◆ **WHAT THIS TASK INVOLVES**
Print again, word for word, all of the records below, and leave the pictures out.
======== ENTRIES PROVIDED
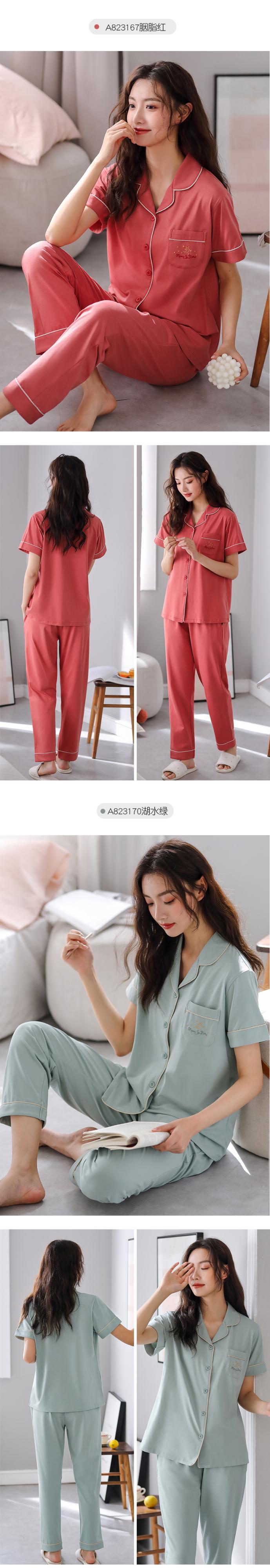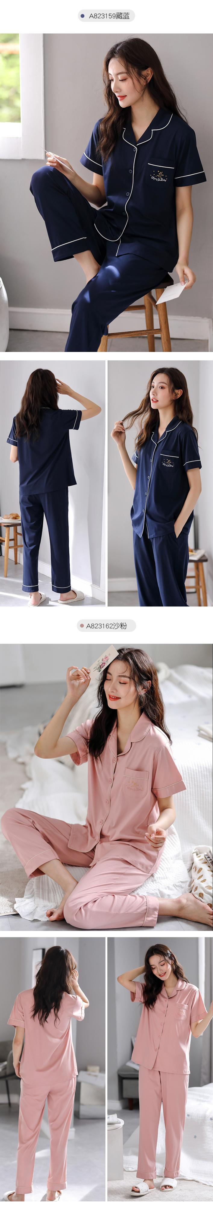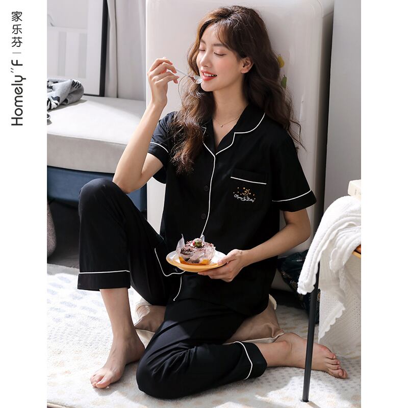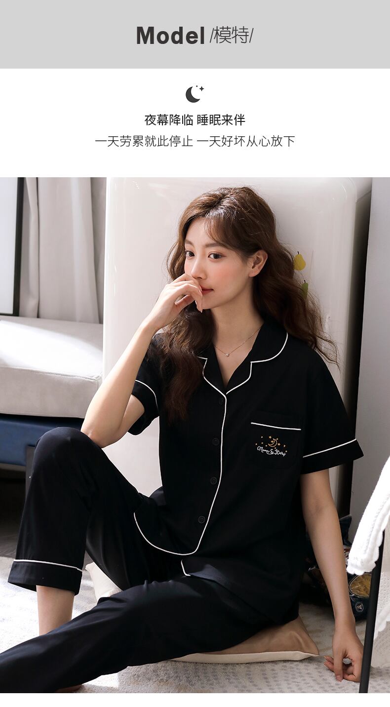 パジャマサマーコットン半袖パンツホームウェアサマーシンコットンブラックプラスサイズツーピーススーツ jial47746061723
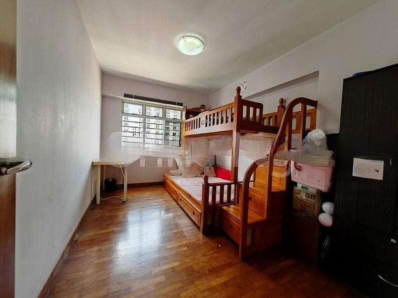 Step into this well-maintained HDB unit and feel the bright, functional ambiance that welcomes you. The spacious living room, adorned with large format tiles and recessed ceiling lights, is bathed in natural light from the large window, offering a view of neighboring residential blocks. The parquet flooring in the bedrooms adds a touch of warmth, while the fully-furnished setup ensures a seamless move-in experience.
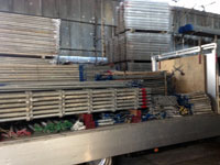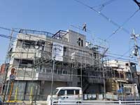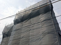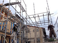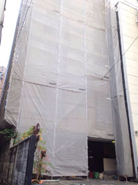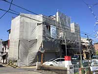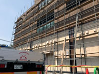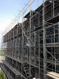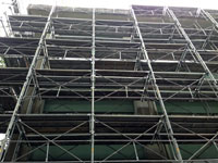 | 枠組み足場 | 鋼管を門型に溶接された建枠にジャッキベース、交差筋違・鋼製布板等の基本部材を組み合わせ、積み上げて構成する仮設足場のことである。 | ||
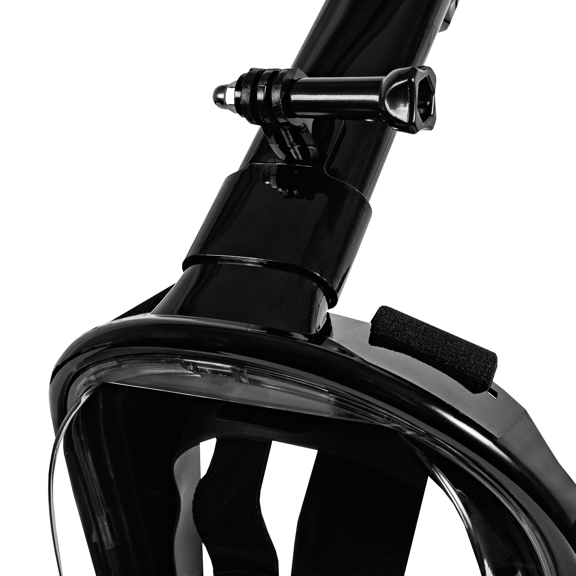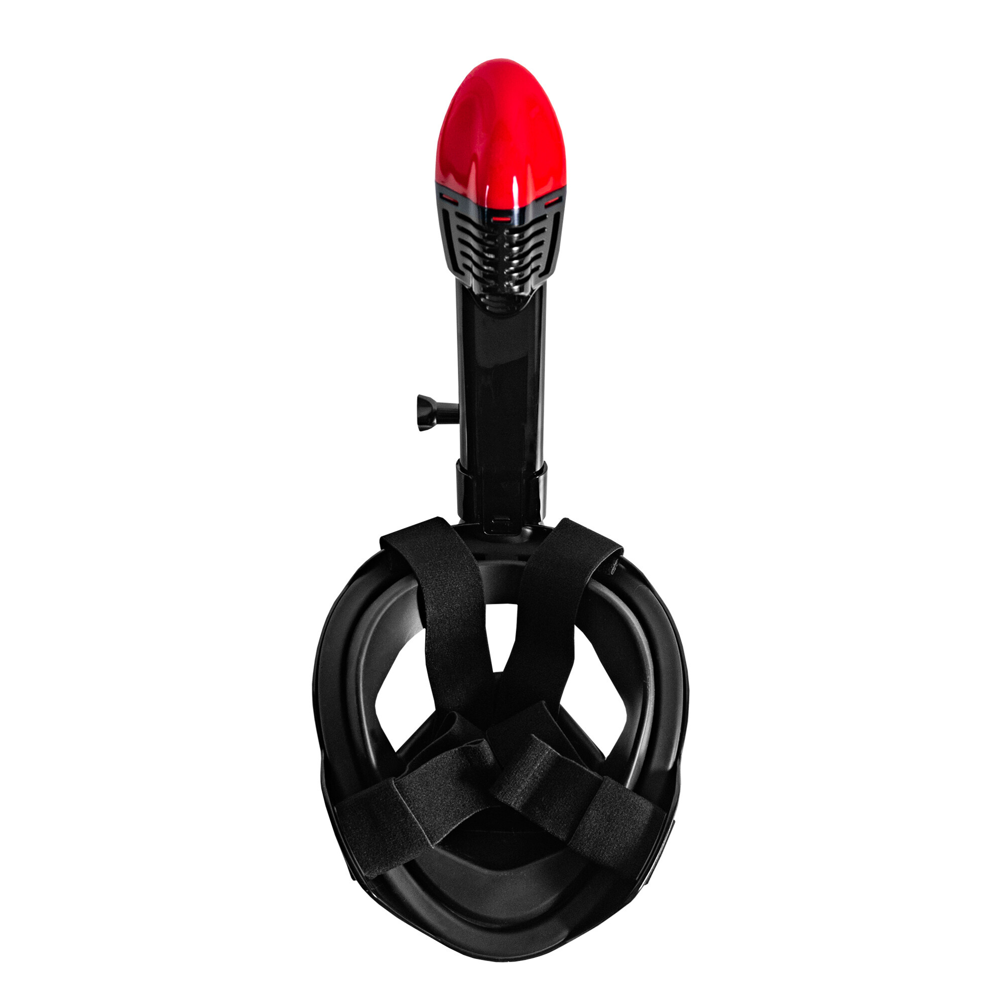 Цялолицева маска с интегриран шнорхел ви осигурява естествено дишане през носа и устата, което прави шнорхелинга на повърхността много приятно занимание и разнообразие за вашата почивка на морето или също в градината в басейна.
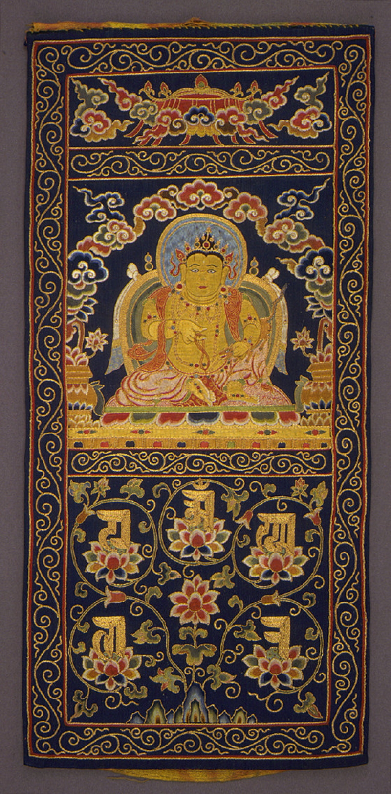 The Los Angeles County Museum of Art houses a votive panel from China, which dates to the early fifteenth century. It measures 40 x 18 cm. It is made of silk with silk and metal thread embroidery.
================
◆ **SOLUTION TO THE PROBLEM**
 パジャマサマーコットン半袖パンツホームウェアサマーシンコットンブラックプラスサイズツーピーススーツ jial47746061723
 Step into this well-maintained HDB unit and feel the bright, functional ambiance that welcomes you. The spacious living room, adorned with large format tiles and recessed ceiling lights, is bathed in natural light from the large window, offering a view of neighboring residential blocks. The parquet flooring in the bedrooms adds a touch of warmth, while the fully-furnished setup ensures a seamless move-in experience.
 | 枠組み足場 | 鋼管を門型に溶接された建枠にジャッキベース、交差筋違・鋼製布板等の基本部材を組み合わせ、積み上げて構成する仮設足場のことである。 | ||
 Цялолицева маска с интегриран шнорхел ви осигурява естествено дишане през носа и устата, което прави шнорхелинга на повърхността много приятно занимание и разнообразие за вашата почивка на морето или също в градината в басейна.
 The Los Angeles County Museum of Art houses a votive panel from China, which dates to the early fifteenth century. It measures 40 x 18 cm. It is made of silk with silk and metal thread embroidery.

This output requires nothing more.